I am so desperate that I risk no longer doing competitive programming because of my rating which didn’t even reach pupil after having solved 650 problems with different difficulties that qualify me to reach a better level.
i feel like i have lost 2 years…
any solutions ??
When you're down, the only way is up :)
I don't know why. The difficulty of the problems you've solved seems really good for a newbie, if you want you can DM me for doubts or doing some virtual contest, don't give up!

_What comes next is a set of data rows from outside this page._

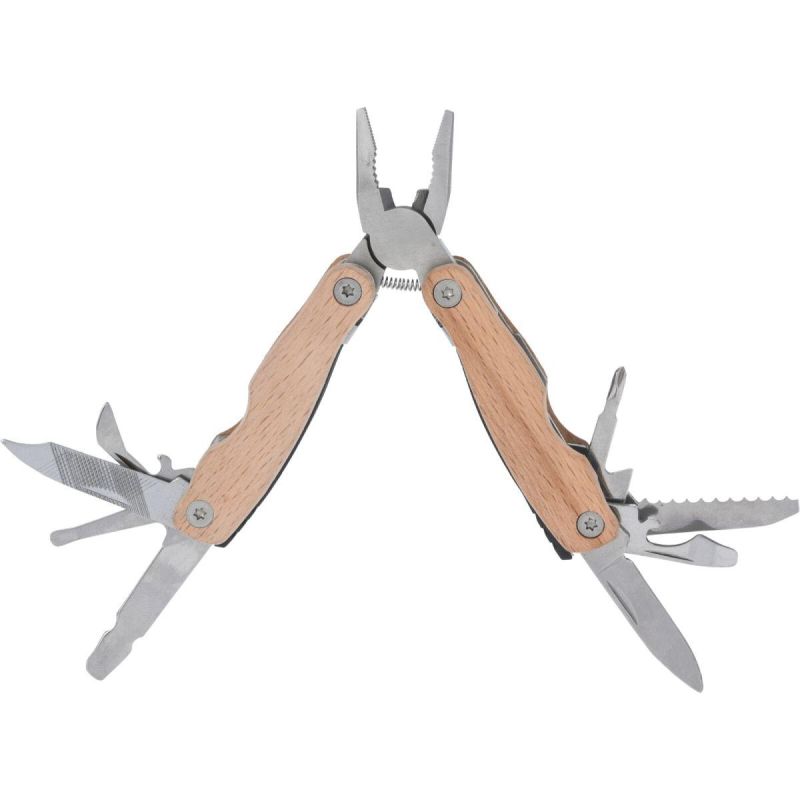 Zestaw zawiera m.in. kombinerki z długim noskiem i standardowe, przecinacz do drutu, nożyk z ząbkami, nożyk, płaski śrubokręt i śrubokręt krzyżowy ,mały śrubokręt, duży śrubokręt, pilniczek, przyrząd do czyszczenia paznokci, otwieracz do butelek, otwieracz do puszek.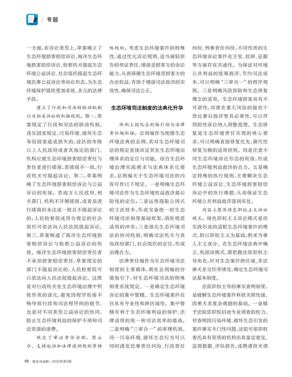 文章介绍了生态环境法典草案的探索,提出法典化升华的路径:在体例上强化总则编引领与法律责任编衔接,明确司法定位、构建统一制度框架;在内容上聚焦绿色职权主义诉讼模式,构建法院主导的事实查明制度,完善生态修复执行机制与不同诉讼衔接规则,最终实现生态环境权益的充分保障。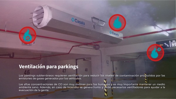 Los parkings subterráneos requieren ventilación para reducir los niveles de contaminación producidos por las emisiones de gases generados por los vehículos. Las altas concentraciones de CO son muy dañinas para los humanos y es muy importante mantener un medio ambiente sano. Además, en caso de incendio se genera humo y serán necesarios ventiladores para ayudar a la evacuación de la gente.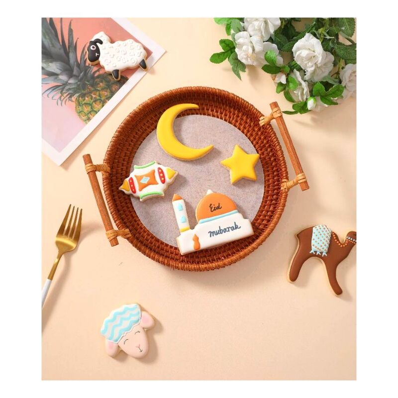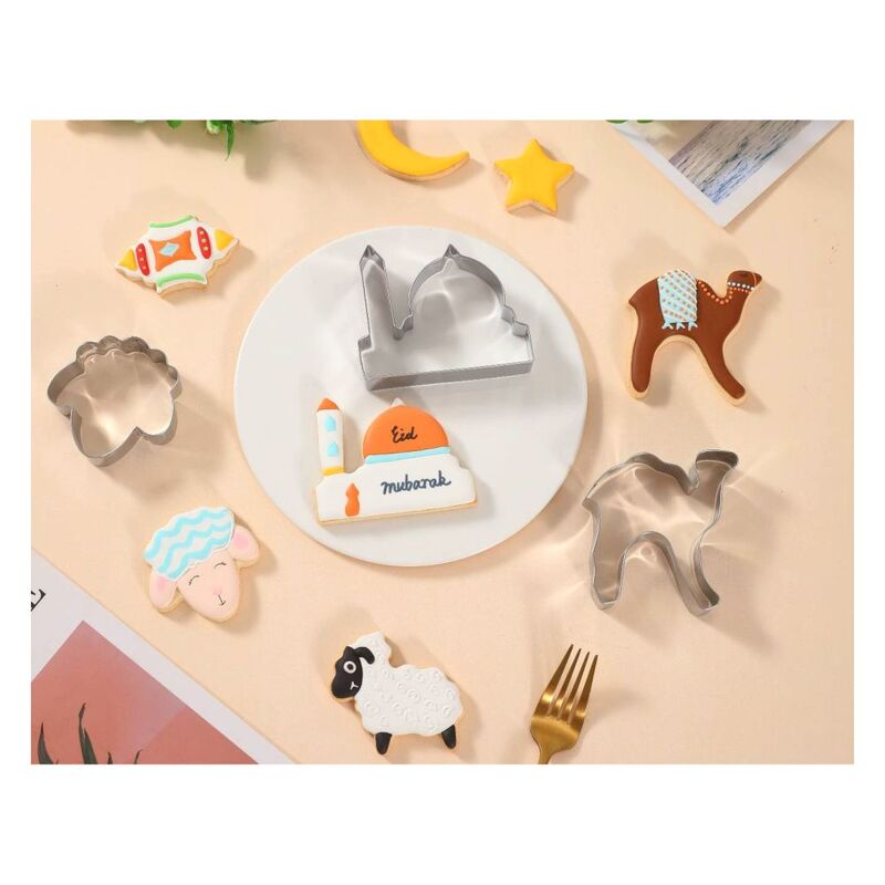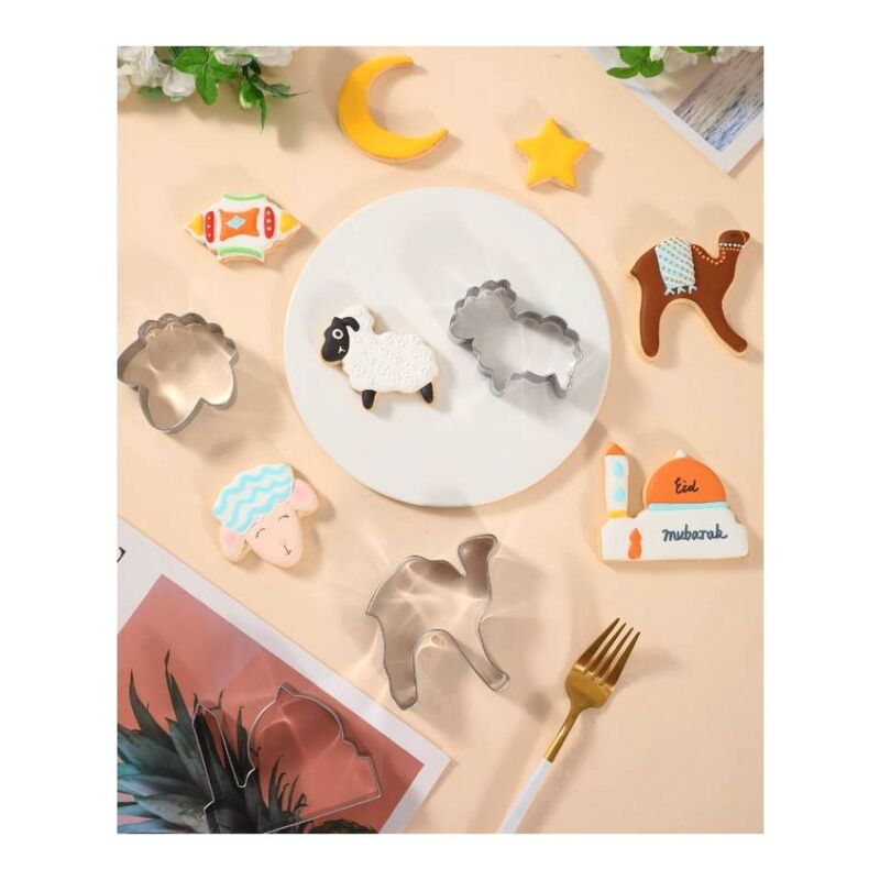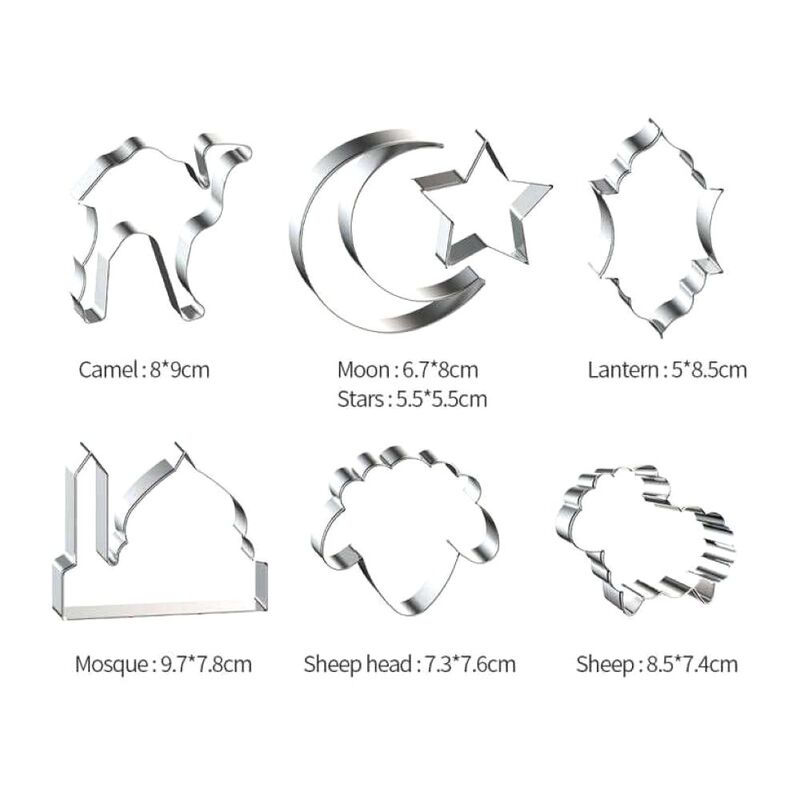 Celebrate Ramadan and Eid with some creative baking with your family and friends using these fun cookie cutter shapes. Hit the kitchen with this set containing 6 stainless steel cutters shaped as: a crescent moon, a lantern, a sheep, a sheep's head, a mosque and a camel. Use cookie dough, fondant, biscuits, brownies, cake and even craft clay! Cookie cutter dimensions differ according to design: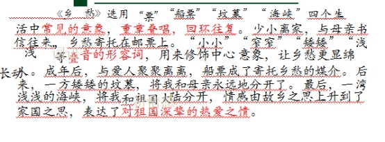 任务要求: 请阅读任务单上余光中的诗歌《乡愁四韵》 , 运用我们今天课上学到的方法, 参考下面的示例, 结合具体诗句, 解读诗歌意象, 为诗歌撰写 一 则诗评 。( 200字左右)
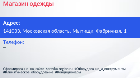 Магазин одежды по адресу 141033, Московская область, Мытищи, Фабричная, 1 в дальнейшем Организация, размещена в следующих категориях: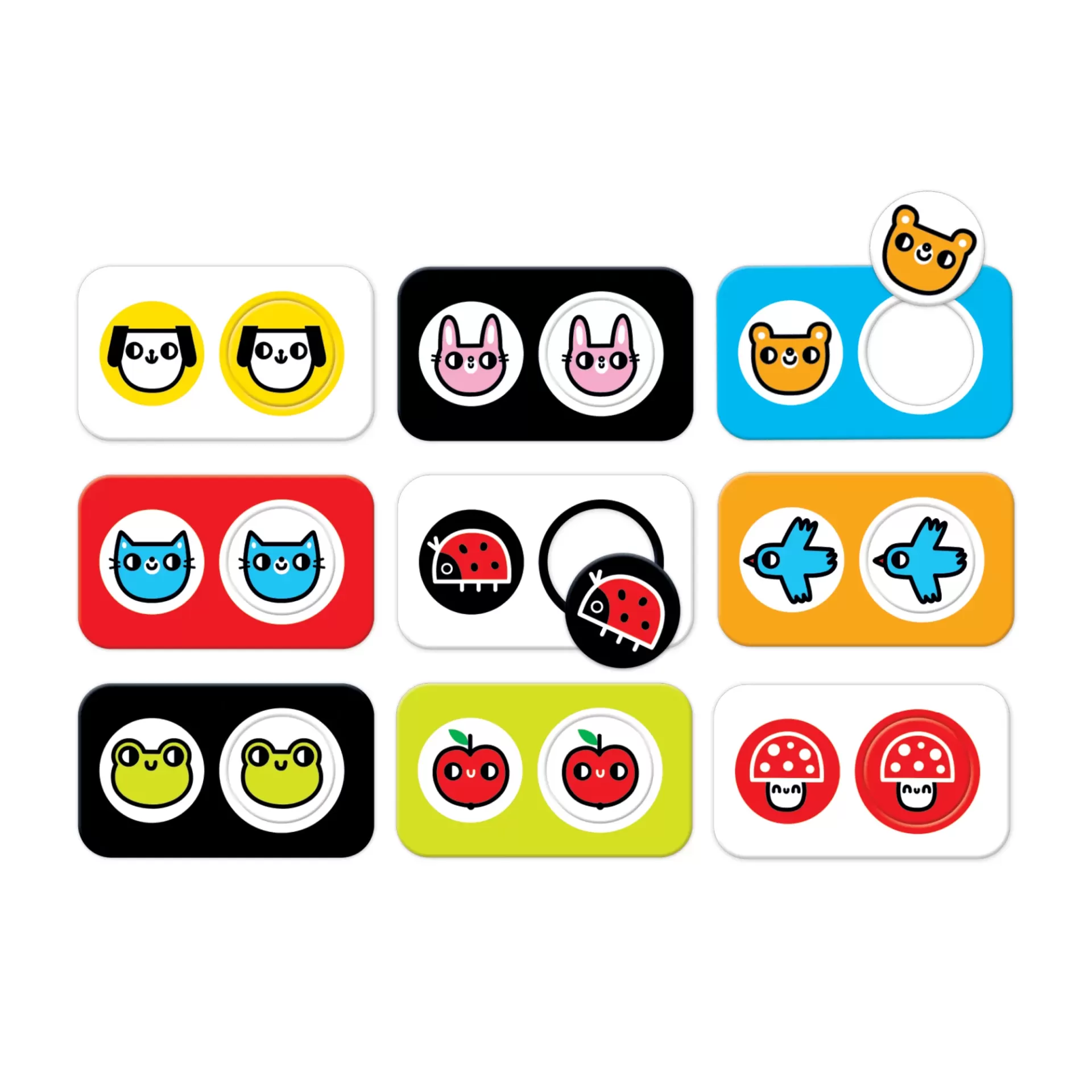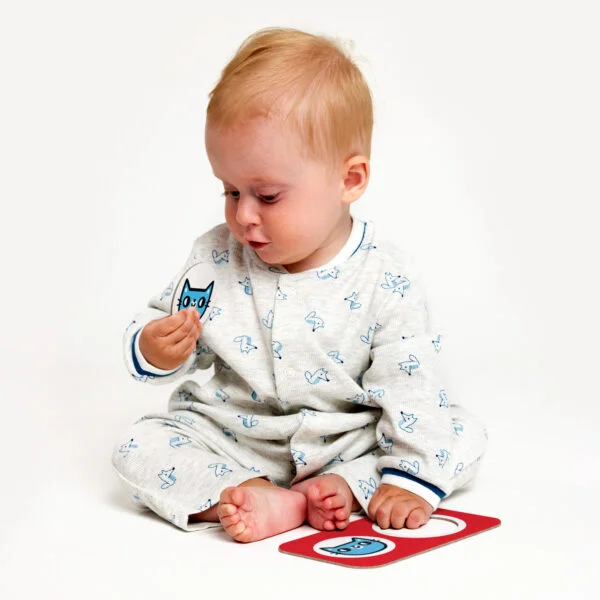 Este conjunto contém 9 puzzles de 2 peças, onde os pequenos são convidados a emparelhar animais, frutas e objetos conhecidos do seu dia-a-dia. Cada par tem um design alegre e cores fortes, ideais para captar a atenção e desenvolver a percepção visual, concentração e coordenação óculo-manual.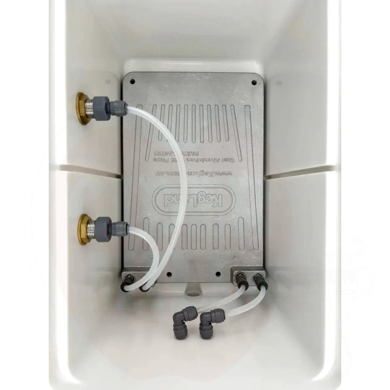 1. Yhdistä tynnyrit kylmälaatikon olutsisääntulon letkuihin. Täytä jäähdytyslevy oluella. On tärkeää täyttää jäähdytyslevyn putket ENSIN oluella. Jos putkissa on vettä ja sitten asetat jäähdytyslevylle erittäin kylmää jäätä, vesi putkissa voi jäätyä estäen nesteen virtauksen. Joten varmista, että putkissa on olutta, koska täysvahva olut jäätyy 4°C alemmassa lämpötilassa kuin vesi.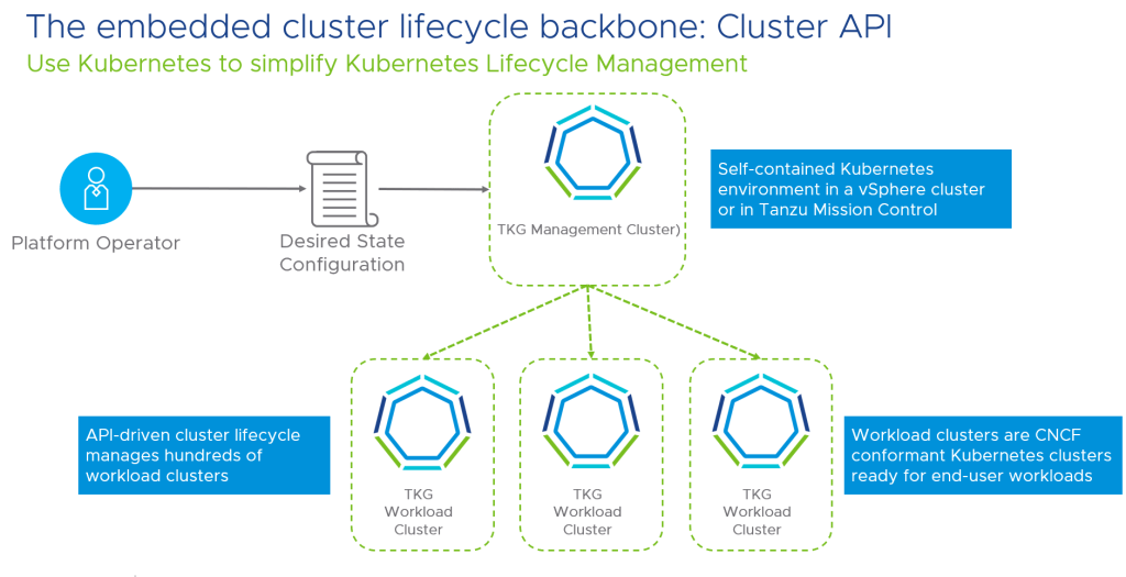 Now that you have a fleet of kubernetes cluster running and being managed by kubernetes itself how do you achieve that operational consistency? that’s where Tanzu Mission Control is getting in. Tanzu mission control is a management control plane that can provision clusters with ClusterAPI on vSphere, AWS and AZURE (roadmap) as IaaS and manage the day 0 and day 2 of those clusters. but we know customers will leverage unique capabilities from different public clouds so Tanzu mission control can also attach any conformant kubernetes cluster and allow you to manage them just like those you provisioned except of the life cycle part.

i think your solutions are too complicated, to solve easy problems fast, you need to think a simple solution, if the problem has low constraints sometime brute force works, othewise its greedy, prove it or guess that it works and then code. remember that if 5000 people solved the problem in 5 minutes then it must be very easy
let's see what you did in https://mirror.codeforces.com/contest/1620/problem/A that you struggled with
my solution:
You can always put an equal or different number, unless the whole circle has equal numbers and there is a segment with different numbers, which is impossible and happens when there is only one "N"
in educational round, solutions for problem A should be very simple
Your solution for problem C in last contest was extremely overcomplicated, and you should never use unordered_map or unordered_set unless you are LGM or something, because it isn't deterministic and probably that why it was hacked. also it is useless in div2 because the fastest problems can be solved in o(n log(n)), even reading the input is o(n log(n))
My solution was: sort the input in decreasing order and check numbers from n to 1 keeping a visited array, i used two loops in O(n^2) since the constraint is just 50. I thought of using bitsets at first but since it was div3 problem C, i did that and it worked
I recommend you to read https://usaco.guide/
While I agree that in some situations you need to be careful with them to avoid possible collisions or nondeterministic iteration order, waiting until you're an LGM to use unordered sets and maps seems unnecessary, given how useful they are. Also, in this case, the hack resulted in a WA, so hash collisions aren't the culprit.
Write more rounds. I spent 1.5 years to get a specialist
The graph is beautiful! What's it drawn by?
Your text to link here...
Thanks~
well, if you do feel so, then I would like to stress that people change, and so do their hobbies and interests, and it is fine if you no longer want to do something / take a break from something.
It doesn't mean that you tried something, failed at it, and had to quit. It can also mean that you tried something, stopped enjoying it, and moved on to something better. Good luck!
Honestly, I don't know why the number of solved problem matters. It all because of our strategy in practicing.
And you must get out of the safe zone.
Don't be sad. Look at my rating, it is about 300 lower than yours.
Solving problems in practice is very good. But try to give virtual contests more n more. Also when u r unable to solve a problem, see its editorial but don't code that, code it after 3-4 days so that u yourself are able to apply the logic.
Recently, there are several blogs talking about this situation, and I strongly suggest you read them. One of them is this one, http://mirror.codeforces.com/blog/entry/98806, and hope that you could get some inspiration there. As for me, I practice by participating virtual contests from round 1, and when I feel it is time to check whether I have got improved or not, I would like to take a real contest then.